▸ SUPPLIED MATERIAL
· · · ·
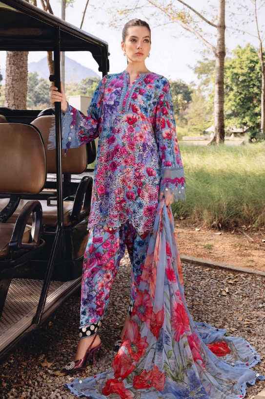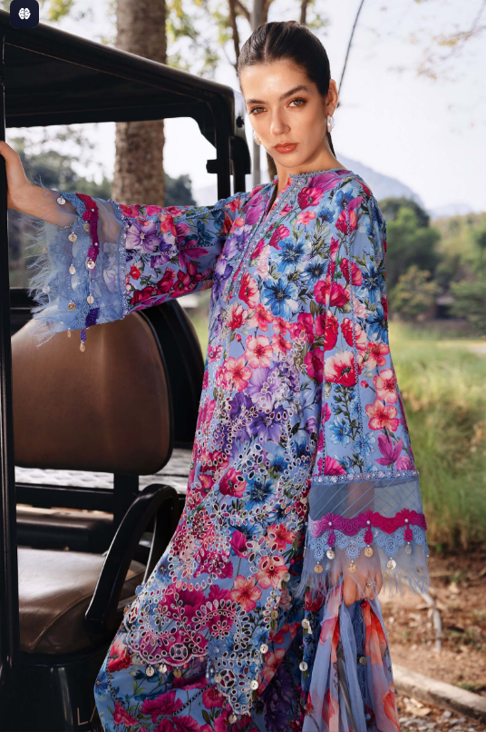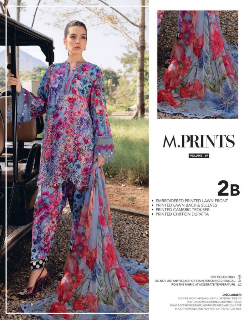 mariab mprints lawn design 2B PRICE 4,300 Description Color: BlueShirtEmbroidered Printed Lawn FrontPrinted Lawn Back & SleevesTrouserPrinted Cambric TrouserDupattaPrinted Chiffon DupattaNote: Dry Clean Only Buy Now
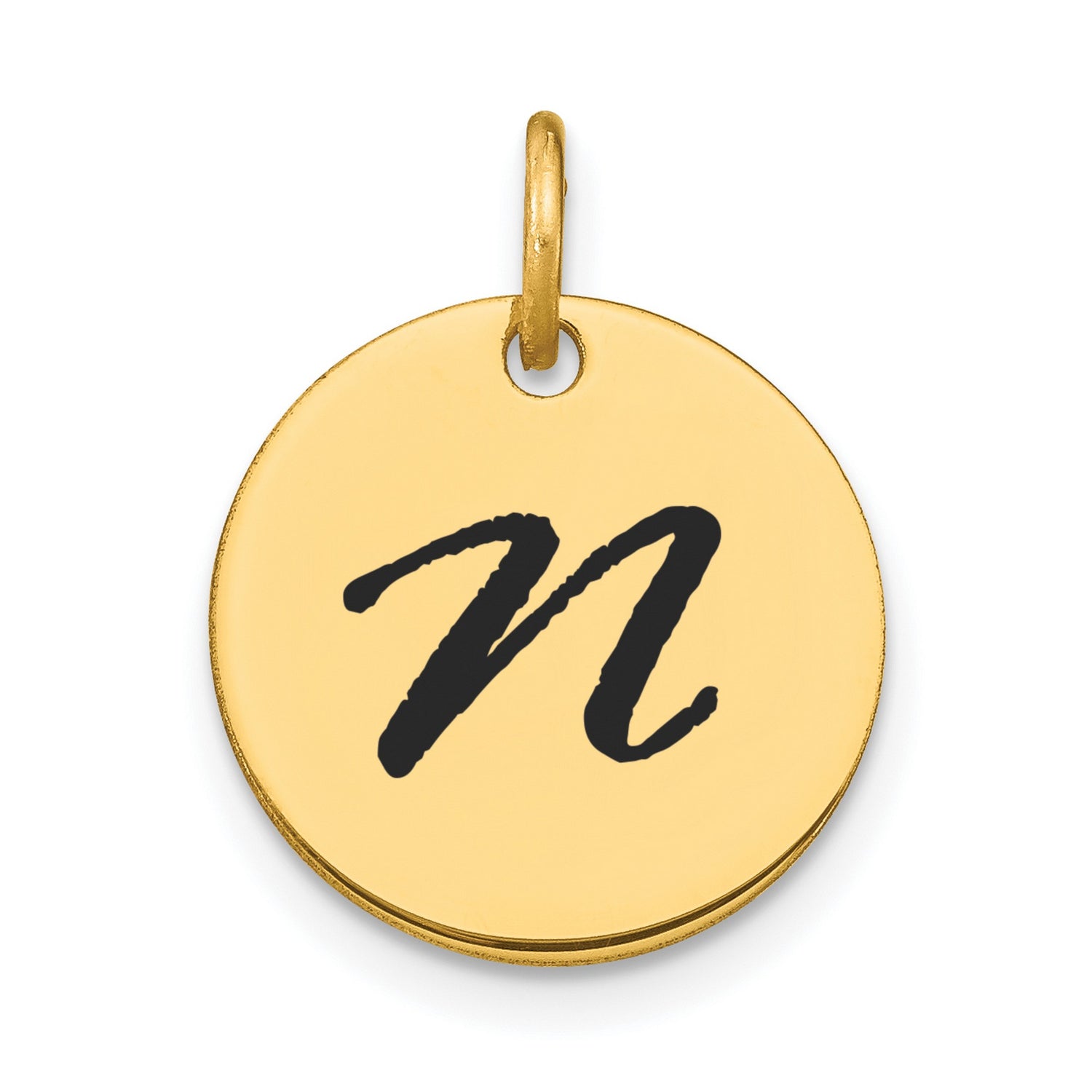 14k Yellow Gold Round Pendant with Bold Script Initial N, Unisex Letter Charm
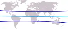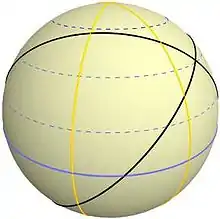 Ecuatorul (albastru) împarte sfera în 2 jumătăți egale și se intersectează la un unghi de 90° cu meridianul (în galben). Ecuatorul este prima și cea mai lungă paralelă geografică.
· · · ·
▸ TO DO
Please extract exactly the lines of the data, from the first through the line containing "14k Yellow Gold", and add no pictures to the copy.

▸ RESPONSE
 mariab mprints lawn design 2B PRICE 4,300 Description Color: BlueShirtEmbroidered Printed Lawn FrontPrinted Lawn Back & SleevesTrouserPrinted Cambric TrouserDupattaPrinted Chiffon DupattaNote: Dry Clean Only Buy Now
 14k Yellow Gold Round Pendant with Bold Script Initial N, Unisex Letter Charm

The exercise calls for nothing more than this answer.